Thursday 24 November 2011

Debating the US National Intelligence Estimate

Excellent, well-informed article by Steve Coll in the New Yorker on the latest US National Intelligence Estimate on the war in Afghanistan. Coll says the NIEs, which are seldom published and are classified Secret or Top Secret, contain the most up-to-date information on the Obama Administration's take on the war. The last two, he says offered a gloomy picture, with the 2010 report warning that "large swathes of Afghanistan are still at risk of falling to the Taliban".
The new draft, around 100 pages long and due to be circulated shortly, contains six Key Judgments and is said to be gloomier than the typical public statements made by US military commanders in Afghanistan.
It is said to raise doubts about the authenticity and durability of alleged gains in Kandahar and Helmand provinces since the Obama troop surge and also suggests that the next generation of political leaders after Karzai will be more corrupt.
It also questions the success of the programme to train and equip the Afghan military and police forces, noting that the projected cost of running a force of 350,000 after 2014 will be $8-10 billion a year, more than the US is willing or able to pay.

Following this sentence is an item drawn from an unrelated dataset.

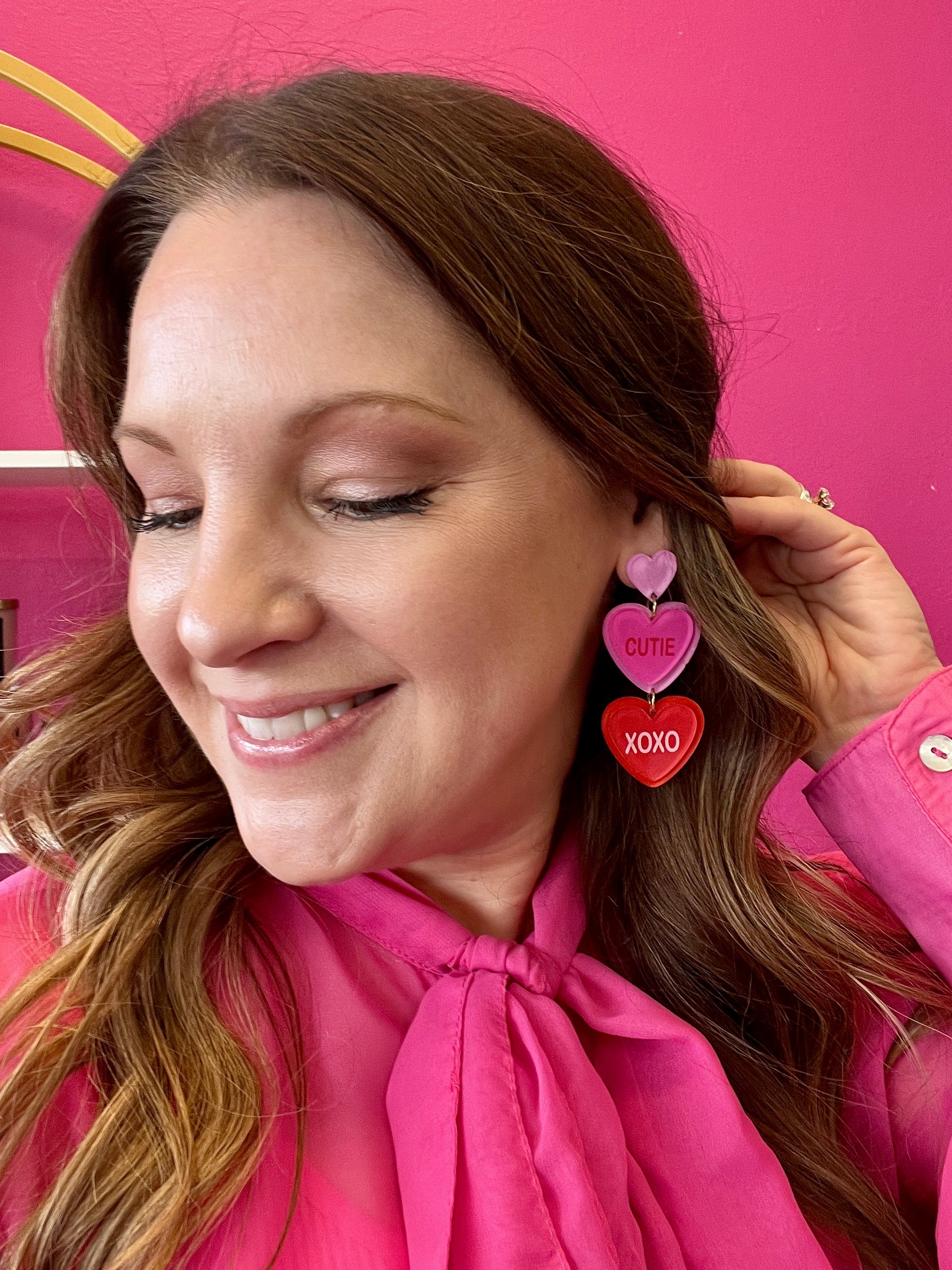 - 3 Heart Earrings with Cutie and XOXO on hearts

As Coll points out, you hardly need secret information to come to these conclusions. It is not hard to see that little progress is being made in the country and that conditions in many areas are deteriorating, despite the billions of dollars sloshing around in military and civilian aid.

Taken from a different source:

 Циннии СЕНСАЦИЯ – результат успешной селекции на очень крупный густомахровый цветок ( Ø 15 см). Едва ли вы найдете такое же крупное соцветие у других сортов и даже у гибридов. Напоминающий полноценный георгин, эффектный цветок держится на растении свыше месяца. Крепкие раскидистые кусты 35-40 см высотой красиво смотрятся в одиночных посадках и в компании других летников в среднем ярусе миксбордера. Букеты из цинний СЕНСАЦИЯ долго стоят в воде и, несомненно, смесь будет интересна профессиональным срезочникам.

Coll says that Maj.Gen. John R Allen, the US commander in Afghanistan, and Ryan Crocker, the US ambassador, believe the NIE to be too pessimistic and that they intend to dissent from its conclusions. With General David Petraeus now in charge of the CIA there is also a danger, says Coll, that intelligence from that quarter will also be 'militarised'. To guard against this he argues that unclassified versions of the key judgments in the latest NIE should be published so that they can be publicly debated. Well said.